As an alternative approach to RMSE analysis, we also conduct final displacement error(FDE) [43] to evaluate and compare our model with existing benchmarks. While FDE may not be as widely recognized or as impactful as RMSE, it is nevertheless sufficiently significant to be considered as a secondary option for model evaluation, as well as useful for visualize the error level compare to others. The Fig. 11 displays the outcome of FDE analysis for a 5-s prediction of a 3-s observed trajectory in terms of both longitudinal and lateral positional error analysis, using the identical experimental conditions as previous; For this circumstance we conduct the FDE analysis only over NGSIM I-80 dataset.

Fig. 11
figure 11

Final displacement error of trajectory prediction

This line graph clearly demonstrates the enhanced performance of our proposed TrajectoFormer system compared to other existing benchmarks.

9 Conclusion

In this paper, we proposed a novel transformer-based trajectory prediction framework by constructing a neighborhood for each target vehicle that considers spatio-temporal dependency between the vehicles. The precise integration of eight-neighbor concepts for each target vehicle is a noteworthy contribution to our research. This neighborhood captures the deep interdependencies that exist between the ego vehicle and its near surroundings and results in a trajectory prediction model that better mimics the dynamics of real-world traffic events. Employing a transformer-based model with positional encoding also enables our model to learn the latent features of the spatio-temporal data, providing better prediction accuracy. The performance evaluation with known state-of-the-art models indicates that neighborhood construction in the preprocessing stage enhanced the prediction accuracy for our proposed model.

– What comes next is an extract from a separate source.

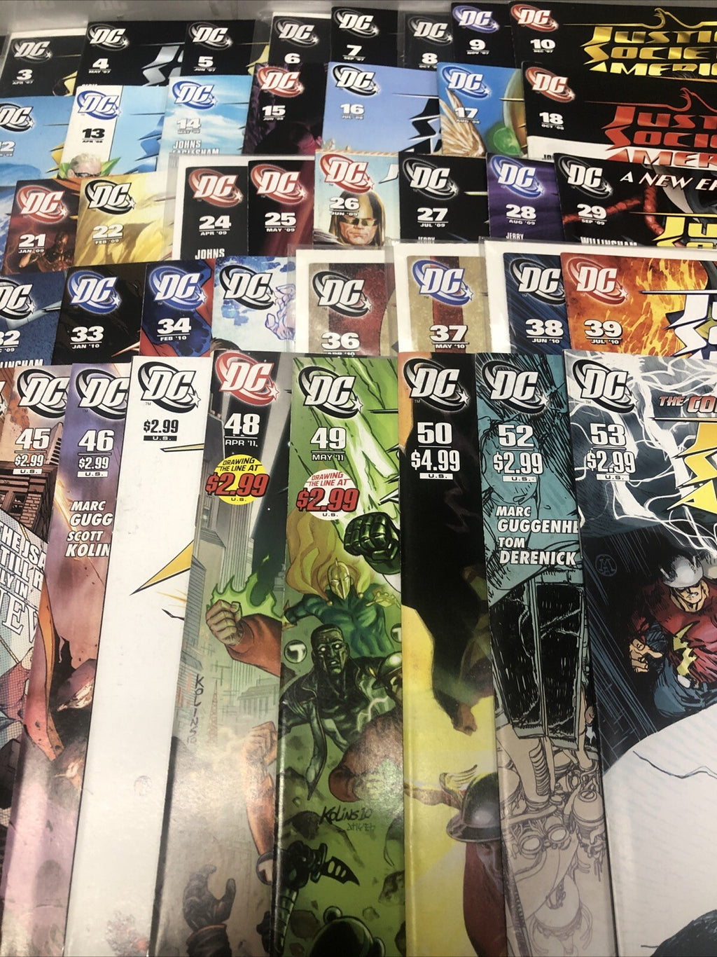 Justice Society Of America (2011) Set includes issues #2-53, with only issues #23, #43, and #51 missing from this DC Comics series. Written by Marc Guggenheim, this modern-age comic book features the adventures of the Justice Society of America in English language. A must-have for fans of US Comics, this very fine/near mint graded set is a valuable addition to any comic book collection.

Our suggested model surpasses most of the benchmarks in terms of RMSE value over a 5-s prediction horizon. It demonstrates our model’s candidacy in the long-term trajectory prediction of autonomous vehicles; with considering neighborhood interactions. Though our model is capable of navigating a collision-less future path for autonomous vehicles, in the future, we want to incorporate a couple of additions to our model. Our future undertakings will focus on creating an advanced collision detection system. Our goal will be to create a reliable system for spotting probable collisions in real time rather than just forecasting collision-less future paths.Different driving circumstances result in a wide range of driving behaviors. Recognizing and adjusting to these actions is an important component of self-driving. Our future work will also focus on expanding the model to account for the multimodality of driving behaviors, providing a more complete picture of on-road events.